Seattle Inspector General Lisa Judge is forwarding a dangerous idea. (Photo: Jason Rantz/KTTH and City of Seattle)

Seattle’s Inspector General is forwarding dangerous propaganda with absurd advice. It helps further turn activists in the community against cops. But worse, she’s making it more dangerous for officers to do their jobs.

Lisa Judge is calling on interim Seattle Police Chief Adrian Diaz to end low-level traffic stops. She frames it around community and officer safety. Judge argues that pulling motorists over for non-serious crimes “has received widespread attention recently because of tragic situations involving unnecessary deaths.” She cites deaths of officers and members of the public.

Her framing is disingenuous; her argument is offensively bad. Judge doesn’t know what she’s talking about. And the consequences of just her letter to the chief can’t be understated.

Judge’s dangerously bad argument

Judge wants to see police stop pulling offenders over “for low-level, non-dangerous violations.”

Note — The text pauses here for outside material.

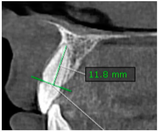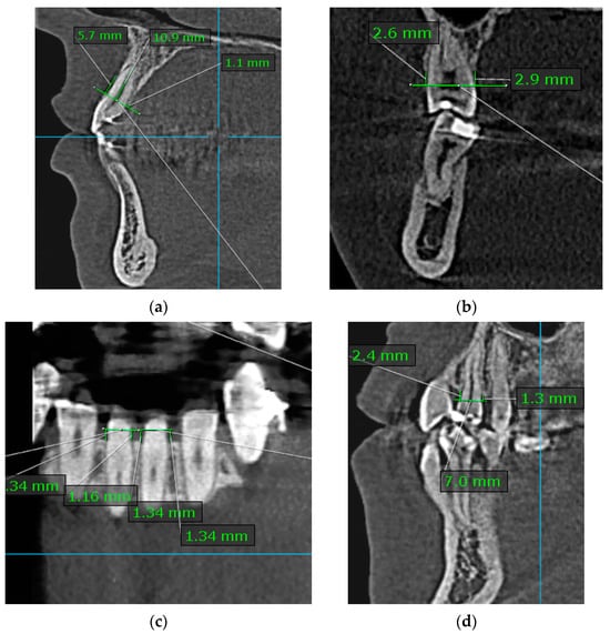 The CBCT scans of the patients included in the study were captured using KaVo OP 3D equipment (Kavo Ltd., Charlotte, NC, USA), with the following settings: KaVo OP 3DI tube voltage of 90 kV, tube current of 6 mA, field of view (FOV) of 8 × 15 cm, and standard resolution (voxel size 200 µm). Each scan was performed with the subject in a seated upright position, with the Frankfurt plane parallel to the floor, while the midsagittal plane was perpendicular to the ground, in maximum intercuspation. The OnDemand 3D dental software, version 1.0 (Cybermed, Daejeon, Republic of Korea), with DICOM format, was used to view and analyze the parameters required for the study. CBCT imaging was recorded before (T0) and after (T1) orthodontic treatment. The measurements were performed in a blinded manner by one of the authors in order to avoid measurement bias. T1 measurements were performed at different time points, without access to T0 values.

Using data she either doesn’t understand or didn’t closely review, she argues traffic stops are especially dangerous for Black people. She cites Mapping Police Violence (Campaign Zero), which is run by anti-police activists, including police abolitionist DeRay Mckesson. Borrowing the same claims from anti-police activists, Judge implies police are too racist to be trusted to pull over motorists.

“Without drilling down to underlying issues and root causes, police and community are destined to continue the same cycle of traffic stops gone wrong,” Judge wrote, too lazy to drill down on root causes. “To that end, the issue of what and how conduct should be policed is perhaps as important as other root causes, such as institutional racism and subconscious bias. For safety of both officers and the public and for racial fairness, SPD should seek to eliminate routine traffic stops for civil and non-dangerous violations.”

We cannot understate the deadly effects this advice may have on policing and the community.

Dangerous implications

On the surface, there are some obvious implications to this advice if it were to be adopted.

For starters, it would lead to even more Seattle lawlessness. Why would anyone pay their car tabs or update their plates if there were no consequences, like being pulled over and ticketed? What about speeding or driving without proper lighting? What about driving with windows so tinted you can’t see the illegal activity that’s going on inside the vehicle? These are generally not considered serious, low-level violations. She doesn’t even want motorists pulled over from driving on a suspended license.

But more importantly, Judge implies cops are racist and that your life is in danger when they pull you over. She will have you believe that cops will treat you differently based on a motorists’ skin color when it appears it’s Judge who is incapable of seeing anything but race.

Judge makes future stops more dangerous

Legitimizing this fringe talking point, Judge isn’t just insulting the police; she’s ensuring that future stops are more dangerous than they need to be. When told that police will hurt you when they pull you over, you become more on edge when interacting with an officer.

That tension changes the entire nature of the encounter and can lead to a more aggressive and dangerous reaction towards a cop that very well can get someone killed or hurt.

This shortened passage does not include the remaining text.